Celebrating adult learners

8 October 2018

This year's Adult Learner Award winners.

The academic and personal achievements of seven University of Waikato adult learners were acknowledged at a special awards ceremony hosted by Vice-Chancellor Professor Neil Quigley last Friday.

The Vice-Chancellor’s Adult Learner Awards were established in 2001 to celebrate the efforts, achievements and contributions of adult learners, and form part of the University’s commitment to lifelong learning. The awards are intended to encourage students over the age of 25 to access learning opportunities and to acknowledge the importance of adult learning to the wider community. Nominations are made by academic staff based on their students’ commitment, determination and contribution to student life.

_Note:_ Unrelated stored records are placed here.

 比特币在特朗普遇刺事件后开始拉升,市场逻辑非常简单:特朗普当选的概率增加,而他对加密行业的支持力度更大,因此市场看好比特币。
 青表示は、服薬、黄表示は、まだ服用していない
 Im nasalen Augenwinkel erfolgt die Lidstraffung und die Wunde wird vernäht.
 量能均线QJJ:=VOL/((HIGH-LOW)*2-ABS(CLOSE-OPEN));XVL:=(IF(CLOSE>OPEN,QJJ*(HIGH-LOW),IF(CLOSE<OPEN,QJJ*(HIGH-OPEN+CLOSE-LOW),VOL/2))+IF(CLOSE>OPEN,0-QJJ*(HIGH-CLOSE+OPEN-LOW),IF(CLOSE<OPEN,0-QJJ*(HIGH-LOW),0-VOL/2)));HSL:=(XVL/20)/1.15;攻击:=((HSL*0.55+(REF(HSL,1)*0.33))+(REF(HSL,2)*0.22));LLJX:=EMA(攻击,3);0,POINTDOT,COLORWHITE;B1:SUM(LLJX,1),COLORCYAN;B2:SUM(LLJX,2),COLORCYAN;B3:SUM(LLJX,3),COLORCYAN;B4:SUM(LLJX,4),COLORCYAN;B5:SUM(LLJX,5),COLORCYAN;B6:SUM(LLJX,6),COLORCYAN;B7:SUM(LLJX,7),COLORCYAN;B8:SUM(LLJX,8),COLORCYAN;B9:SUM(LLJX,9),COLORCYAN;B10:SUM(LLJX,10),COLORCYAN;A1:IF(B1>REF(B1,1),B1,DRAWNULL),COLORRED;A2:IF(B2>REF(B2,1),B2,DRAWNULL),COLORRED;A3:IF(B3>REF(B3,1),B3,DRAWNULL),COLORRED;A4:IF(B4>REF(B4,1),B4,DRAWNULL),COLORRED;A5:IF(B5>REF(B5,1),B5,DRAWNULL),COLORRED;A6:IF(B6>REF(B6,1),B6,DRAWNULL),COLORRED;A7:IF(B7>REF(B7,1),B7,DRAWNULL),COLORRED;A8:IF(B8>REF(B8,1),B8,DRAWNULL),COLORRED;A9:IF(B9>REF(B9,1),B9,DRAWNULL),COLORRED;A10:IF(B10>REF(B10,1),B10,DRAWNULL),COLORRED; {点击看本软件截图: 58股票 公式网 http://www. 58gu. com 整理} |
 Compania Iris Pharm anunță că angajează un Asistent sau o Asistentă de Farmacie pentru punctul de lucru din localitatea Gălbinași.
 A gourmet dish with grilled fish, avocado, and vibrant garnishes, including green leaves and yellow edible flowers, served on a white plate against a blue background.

Professor Quigley says adult learners are particularly distinctive to the University of Waikato. “We have the highest proportion of adult learners of any university in New Zealand, and this is something we are very proud of,” he says. “Pursuing further education can be a challenge later in life, especially when you have family and work commitments also competing for your time. Acknowledging that learning is a lifelong pursuit is a key reason why the Adult Learner Awards were established.”

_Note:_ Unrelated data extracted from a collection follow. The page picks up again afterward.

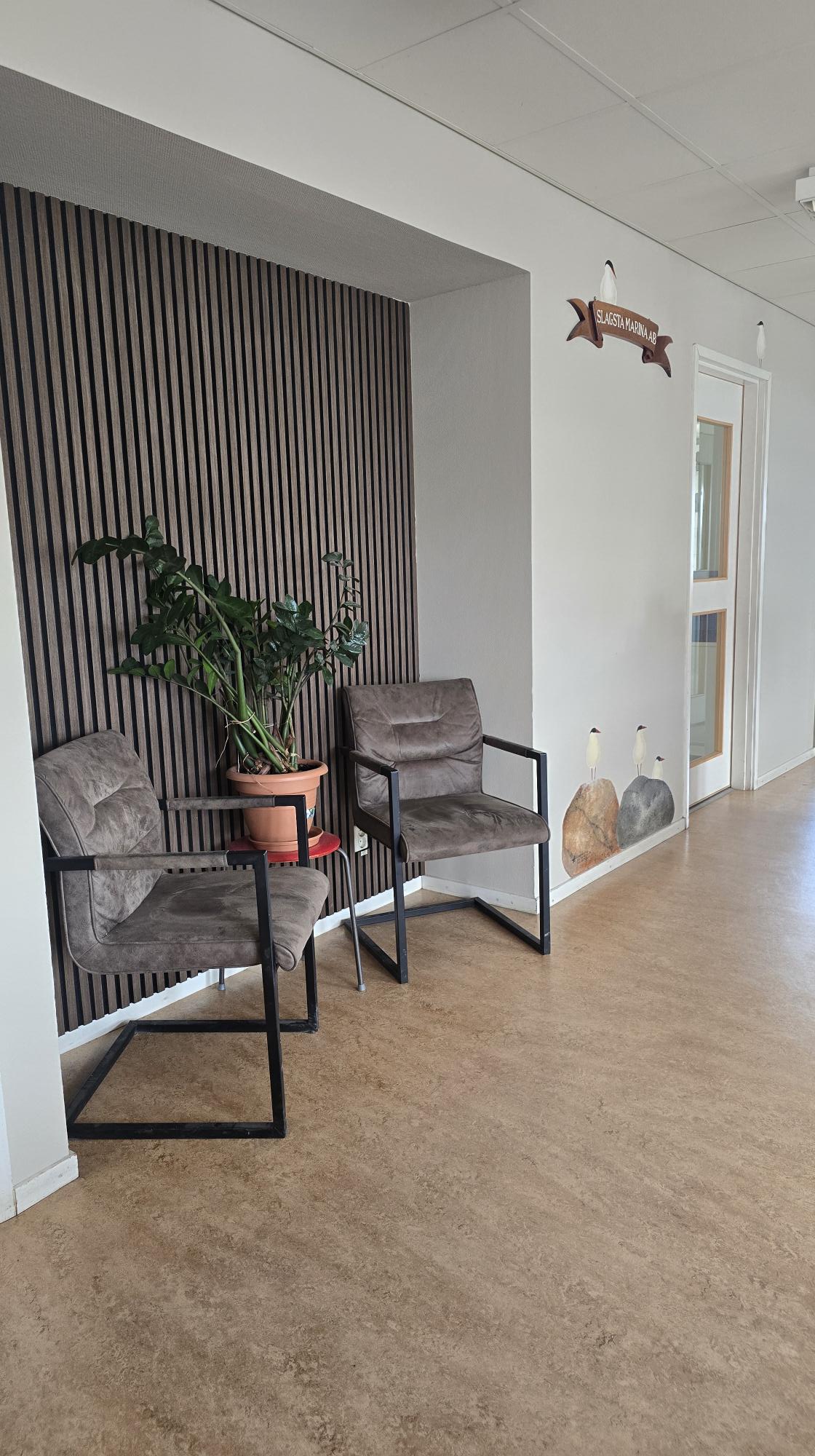 Nu möts man som besökare av en modern och snygg receptionsdisk samt ny akustik-panel på väggarna. Våra golv har slipats och behandlats, och nya möbler har köpts in.
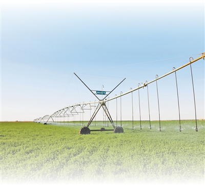 在奥韦纳特水井项目旁,自动喷灌机给苜蓿浇水。
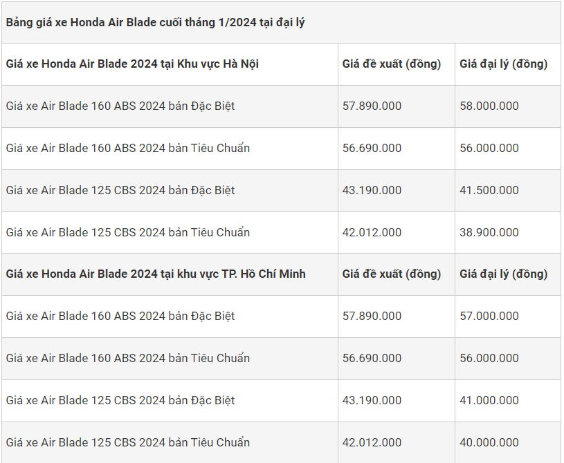 Về giá bán, Honda Air Blade 2024 đang được phân phối tại Việt Nam với 2 phiên bản động cơ 125cc và 160cc. Khảo sát tại nhiều đại lý cho thấy dòng xe này đang có dấu hiệu giảm mạnh, nhiều đại lý bán dưới giá đề xuất của hãng. Cụ thể như sau:
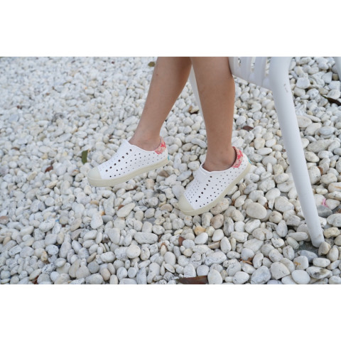 Native รองเท้ากันน้ำเด็กเล็ก EVA รุ่น Jefferson Block Shell White/Bone White/Popsicle Palm Block ราคา 2,152.00 บาท มาพร้อมดีไซน์คลาสสิกซึ่งเป็นรุ่นซิกเนเจอร์ของ Native ใส่ลุยได้ทุกวันทั้งวันฝนตกและวันไปเที่ยว สนุกได้เต็มที่ด้วยรองเท้าที่ทั้งเบา ยืดหยุ่น และดูแลรักษาง่าย เหมาะสำหรับเด็กเล็กที่ต้องการความคล่องตัวในทุกกิจกรรม
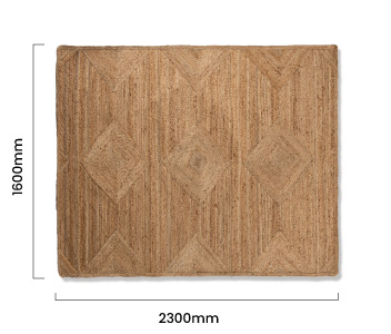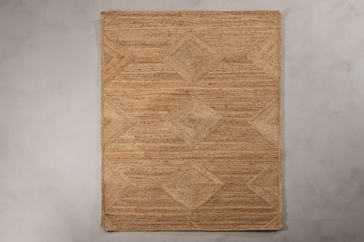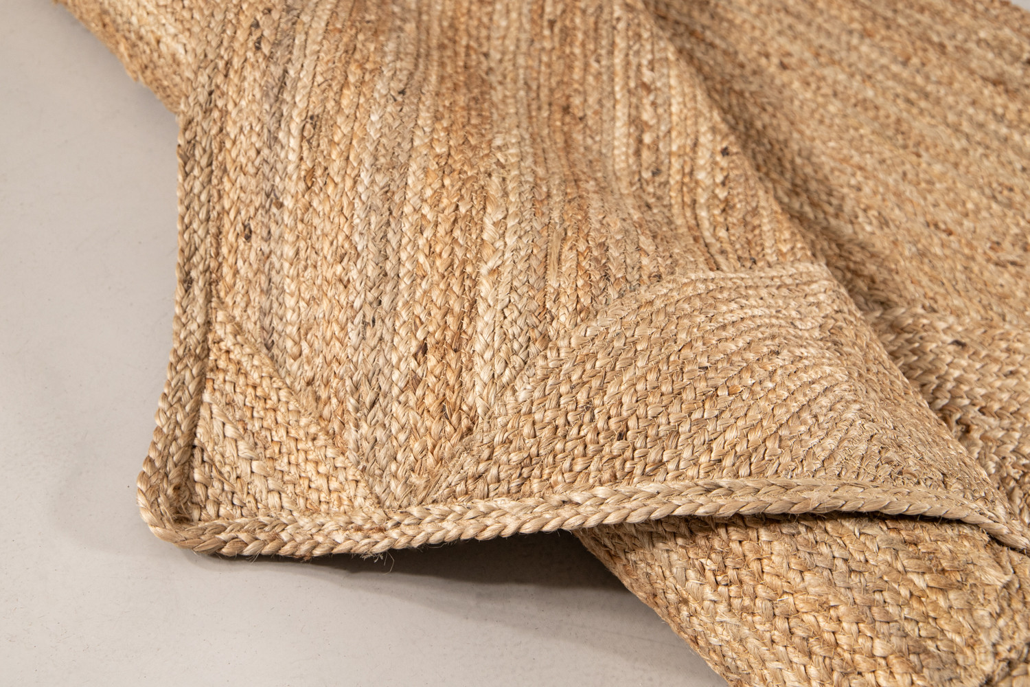 Tailored for indoor use, this medium-sized rectangular rug offers the perfect solution for expanding cosier spaces such as nooks or studies, or for creating an eye-catching focal point in larger areas like bedrooms or living rooms. Jute's innate charm is beautifully accentuated on wooden floors, ensuring protection and noise absorption. Its natural tonal variations effectively disguise dust and dirt, making it an excellent choice for households with pets
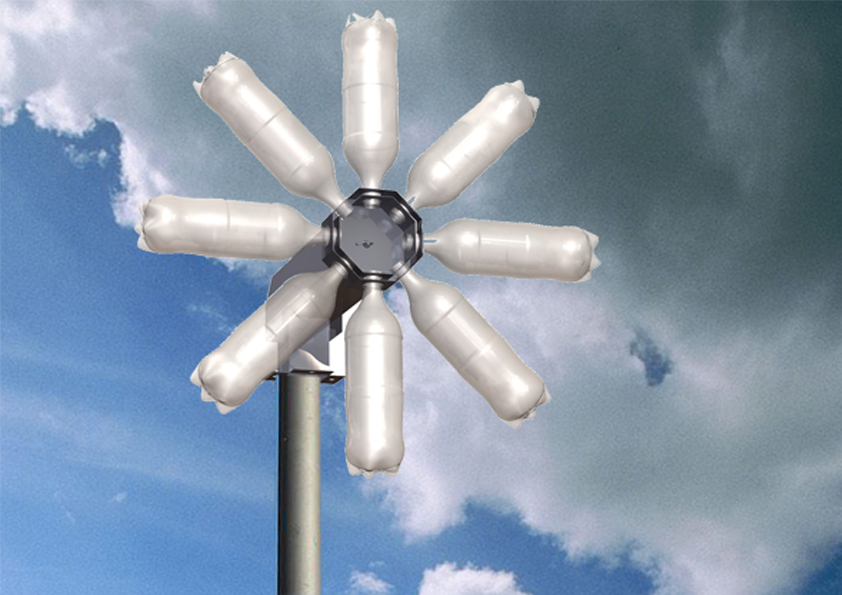 Eine Vorliebe von Tjeerd Veenhoven ist es mit unterschiedlichsten Materialien und Produktionstechniken zu experimentieren. Bei der BottleWindmill hat er sich der Aufgabe gestellt, wie nur mit dem Einsatz von Lowtech-Lösungen aber mit verfügbarem Hightech-Wissen Wind-Energie erzeugt werden kann. Als Hauptmaterial kommen PET-Flaschen zum Einsatz, die als „Rotorblätter“ fungieren und mit dem Schraubverschluss angebracht werden, ohne eingeschmolzen werden zu müssen. Zur Energieerzeugung werden elektrische Bauteile von Kinderspielzeug verwendet. Bei einer geschätzten Auflage von 5000 Stück kann die BottleWindmill zu einem Preis von 10 $ hergestellt werden. Das finale Produkt zeichnet sich durch eine ökologisch effiziente Fertigung aus, was wiederum durch den reduzierten Einsatz von Materialien und die Möglichkeit einer vollständigen Trennung nach Ende des Lebenszyklus auszeichnet.

Award recipient Grant Rutherford with Vice-Chancellor Professor Neil Quigley.

Award recipient Grant Rutherford is delighted to be recognised for his learning. The Bachelor of Health, Sport and Human Performance student is profoundly deaf, but that hasn’t stopped him from achieving his career and study goals. “I’d like to thank Associate Professor Clive Pope for nominating me – receiving this award means so much to me,” he says. “I’ve worked really hard to get here, so I feel a great sense of accomplishment.”

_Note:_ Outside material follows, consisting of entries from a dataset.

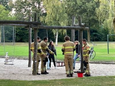 Tienermeisje zit vast in schommel in Volkel, brandweer schiet te hulp
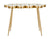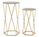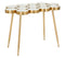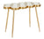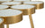 Mondern megjelenésű kisasztal arany fém vázzal, amelynek asztallapját több kör alakú, tükrös üveg betét alkotja. Egyedi és modern designja igazi látványosság, amely eleganciát és luxust sugároz. Különleges formavilága miatt ideális választás nappaliba, előszobába vagy hálószobába dekorációs bútordarabként.
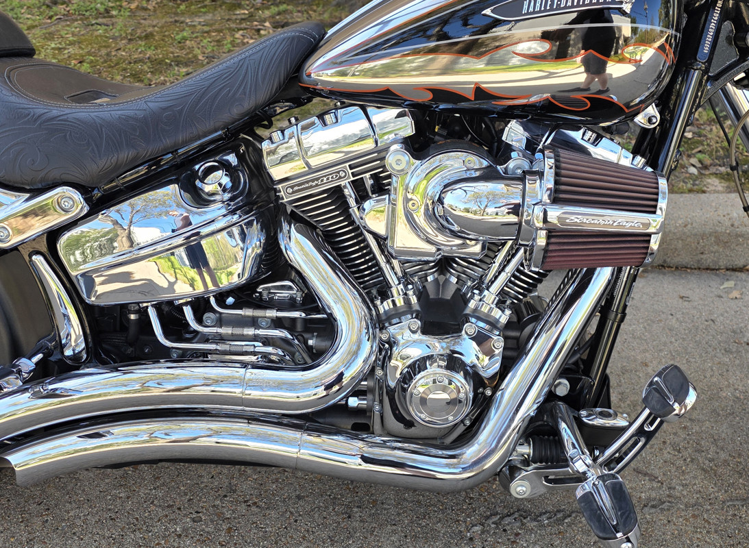 • Screamin’ Eagle Twin Cam 110B™ Granite powder-coated powertrain with 110 Screamin’ Eagle® identifiers on cylinder heads
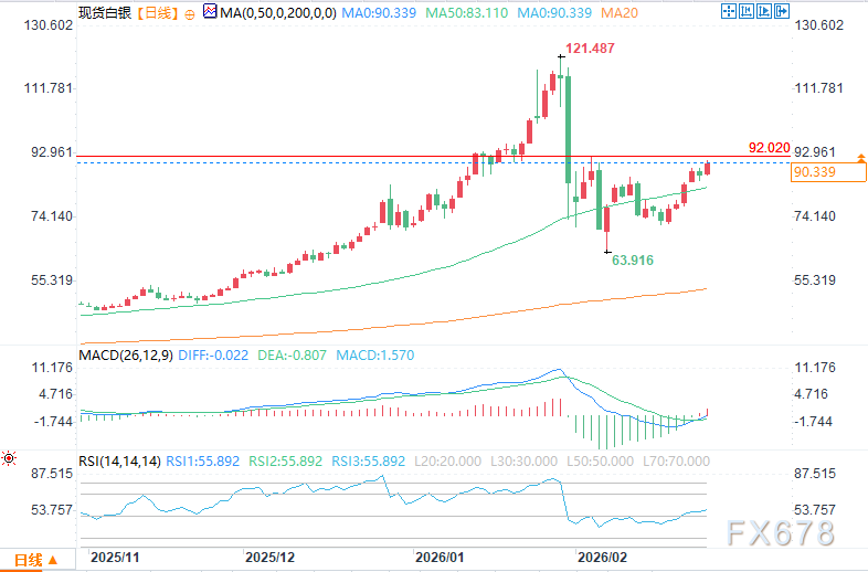 不外需要精熟的是,即便面前银价走势强健,多头仍需冲破关节阻力位智商不时上行趋势:领先要攻克2月4日创下的92.20好意思元前期高点,冲破该位置后,将进一步靠近92.87—99.66好意思元的进军回调阻力区间,这一区间是前期银价高涨历程中的关节整理区域,瞻望将靠近较强的赚钱盘抛压。

Grant credits his wife for inspiring him to persevere. “She’s been there for me during my studies, and I really appreciate her support,” he says. “The University’s Accessibility Services have also helped me massively with my learning, by providing sign interpreters and note-takers.” Once he graduates, Grant is planning to work as an exercise specialist, supporting deaf athletes in the areas of strength and conditioning.

Tauranga-based Bachelor of Teaching student Erica Steel was humbled to be acknowledged for her commitment to the University and helping others. Alongside her fulltime studies, the mother of three is a reliever at an  early childhood education centre, a volunteer scout leader, treasurer of the student support group Mana ake ki Tauranga Moana and a student ambassador. Erica credits her tertiary education success to her family’s unwavering support.

Award recipient Erica Steel with Vice-Chancellor Professor Neil Quigley.

“I couldn’t have done it without my husband. He always motivates me and looks after the kids when I’m busy. Every time I get an A grade at uni, he takes the whole family out to celebrate, so my kids are excited for my success too! I’m also really grateful for the laid-back culture and strong support systems at the Tauranga campus – they have helped me through some busy times!”

Erica hopes that her example will encourage her three young children to strive for academic success. “Growing up, I had some trouble in school, so it’s nice to be showing my kids the importance of working hard,” Erica says. “Since I began studying hard at uni, they have both started to put more effort in at school, so I'm really proud.”

This year’s recipients – Laurence Cockrell, Naomi Glover, Chaquila Venter, Bryce Jamieson, Garth Tunnicliffe, Grant Rutherford and Erica Steel – each received $1000 and a certificate.